# DIY Puddle lights



## tp. (Nov 12, 2009)

FOR 2006 Please use pin 1 power and 2 ground for front doors

FOR 2007+ Use 18 power, 19 ground Front doors

--------------------------------


For all years REAR:

1 - power
2 - ground

--------------------------------


Ground wire will be the wire that has the split

These pics are 2006 model year. 2007+ please find the pin 18 and pin 19 and do as above.

BROWN wire always ground.


------------------------------------

Removing door cards:

http://forums.fourtitude.com/showthread.php?2689982



------------------------------------


VAG-COM:


You'll need to go to 42 and 52 for the door electrics.

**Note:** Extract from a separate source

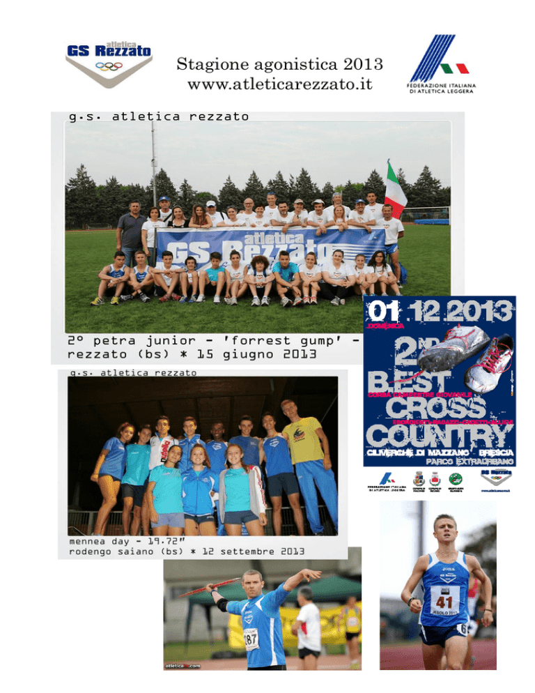 Stagione agonistica 2013 www.atleticarezzato.it Stagione agonistica 2013 Un’altra annata di grande atletica si è conclusa con risultati ben oltre le possibilità della nostra piccola società. Ancora una volta la grande passione degli “addetti ai lavori” unita alla viva collaborazione ed al supporto di molti genitori ha contribuito ad ampliare le prospettive della nostra società organizzando due splendide manifestazioni (2^Petra Junior e 2^ B.est Cross Country) nell’arco dell’anno trascinati dall’entusiasmo di quasi 500 gare effettuate dai nostri atleti nell’intera stagione!!! Prima di passare ad un’analisi dettagliata per ogni categoria ecco una sintesi dei risultati e dell’attività svolta dal G.S. Atletica Rezzato nella stagione agonistica 2013. - 4 partecipazioni ai Campionati Italiani di cui 1 argento e 1 bronzo ai Campionati italiani master indoor di Ancona 1 argento ai Campionati italiani di decathlon master a Gorizia 1 partecipazione ai Campionati Italiani allievi indoor di Ancona 1 partecipazione ai Campionati Italiani allievi di Jesolo - 5 atleti nei primi 50 posti delle graduatorie nazionali di specialità - 11 risultati nella top ten ai Campionati Regionali di cui 3 ori (110hs-asta-200mt) ai C.R. master35 di Desenzano del Garda 1argento (salto triplo) ai C.R. cadetti indoor di Saronno 1 bronzo(1500mt) ed 1 quarto posto(800mt)ai C.R. allievi di Mariano Comense 1 argento (salto triplo) 1 bronzo(lungo) 1 quarto(300hs) 1 quinto(1000mt) 1 nono (100hs) posto ai C.R. cadetti di Busto Arsizio - 11 Titoli provinciali, 2 secondi e 3 terzi posti conquistati nelle diverse discipline e categorie - 7 record di società migliorati - 2 convocazioni per la rappresentativa provinciale Allievi/junior “Meeting interregionale di Cuneo” - 2 convocazioni per la rappresentativa provinciale Ragazzi/Cadetti “Trofeo delle province di Cross” - 8 convocazioni per la rappresentativa provinciale cadetti/e “Trofeo dei Laghi 2012” - 3 convocazioni per la rappresentativa provinciale Rag/Cad “Trofeo internazionale Citta di Majano” - 2 convocazioni per il raduno regionale autunnale settore lanci/mezzfonod/marcia di Lecco - 3° squadra classificata al “ 2° Petra Junior Meeting” - organizzazione del “2° Petra Junior Meeting” 9^prova Trofeo Forrest Gump - organizzazione del “2° B-est cross” 5^prova di cross giovanile - 38 manifestazioni provinciali alle quali l’Atletica Rezzato ha presenziato con almeno un atleta - 36 manifestazioni regionali alle quali l’Atletica Rezzato ha presenziato con almeno un atleta - 9 manifestazioni nazionali alle quali l’Atletica Rezzato ha presenziato con almeno un atleta - 489 gare ( 45 nazionali, 143 regionali, 301 provinciali) disputate dagli atleti dell’Atletica Rezzato Un'inverno da record L’inverno costituisce per l’atletica, sport estivo e da vivere all’aria aperta, un lungo periodo “letargico” dove gli atleti si rifugiano in palestra o in sala pesi mentre la pista resta privilegio di pochi specialisti. Anche quest’anno, tuttavia, la fredda atmosfera invernale è stata riscaldata dal fermento dei nostri giovani sia in campestre che nella stagione indoor ravvivata dalle nuove trasferte in terra emiliana e bergamasca. Andando con ordine i primi ad essere ricordati sono sicuramente i nostri “mezzofondisti doc” sotto la guida attenta dell’ottimo coach Massimo Botta. Per alcuni di loro si trattava ormai del terzo anno di cross e la maggiore esperienza li ha portati ad affrontare sfide sempre più impegnative ben oltre i confini provinciali tra monti inospitali e pianure ghiacciate della lombardia. Boifava Alessia (6° ai campionati provinciali di Cross a Concesio) Corselli Lorenzo (12° ai campionati provinciali di Cross a Concesio) Facchin Stefano (1° al Cross di Chiari, 3° ai campionati provinciali, 16° ai campionati regionali) Zecchi Riccardo (15° al Cross di Pompiano) Soncina Simone (2° al Cross di Ciliverghe , 27° ai campionati regionali di cross) Elisa Morandini (26° ai campionati provinciali di Cross a Concesio) Tra tutti loro spicca il nome di Stefano Facchin in grado di tornare vincitore dal cross di Chiari oltre a segnare il miglior piazzamento ai campionati regionali sfiorando la convocazione al criterium nazionale. Al nome di Stefano va sicuramente affiancata Alessia Boifava entrambi hanno infatti ottenuto la convocazione al “Trofeo delle province di cross” svoltosi a Cortenova difendendo i colori della rappresentativa bresciana. Anche la nostra società si è schierata “in prima linea” nel calendario provinciale di cross dando vita (con un ingente spiegamento di forze!!!) al primo Best Cross Country; manifestazione giovanile di corsa campestre dove oltre ai nostri atleti più accreditati hanno partecipato anche molti “non mezzofondisti” mantenendo alto l’onore della nostra squadra tra cui Verzeletti Matteo, Maramai Eleonora, Facchin Pietro,Foschetti Leonardo, Mazza Alessandro, Foletti Roberto, Fasciolo Francesco, Pedrotti Chiara La stagione invernale non è stata solo fatica e sudore in campestre. Grazie ai nuovi impianti indoor di Bergamo e Parma anche saltatori e velocisti hanno potuto “scatenarsi” in una vera e propria stagione indoor che ci ha regalato ben due partecipazioni ai campionati italiani di Ancona merito di Simone Soncina nei 1000mt allievi e Burri Alessandro argento nei 60hs e bronzo nel pentathlon master. A loro va sicuramente aggiunto Pietro Facchin campione provinciale e argento in un’estenuante gara di salto triplo ai campionati regionali cadetti di Saronno. A questi nomi si aggiunge poi una lunga serie di atleti che si sono “rodati” nel corso dell’inverno nelle rispettive discipline preparandosi al meglio alla stagione estiva. Ecco la lista completa Burri Alessandro (vicecampione italiano e campione provinciale master 60hs) Soncina Simone (15° campionati italiani indoor allievi) Facchin Pietro (campione provinciale e vicecampione regionale di

Then in the coding option you'll need to add '64' to the number you already have in the top box, mine was 0000560 so the final number needed was 0000624.

Do this on both 42 and 52.

Also there should be option for rears. Just check the coding option and see what number you need to add to add puddle lights.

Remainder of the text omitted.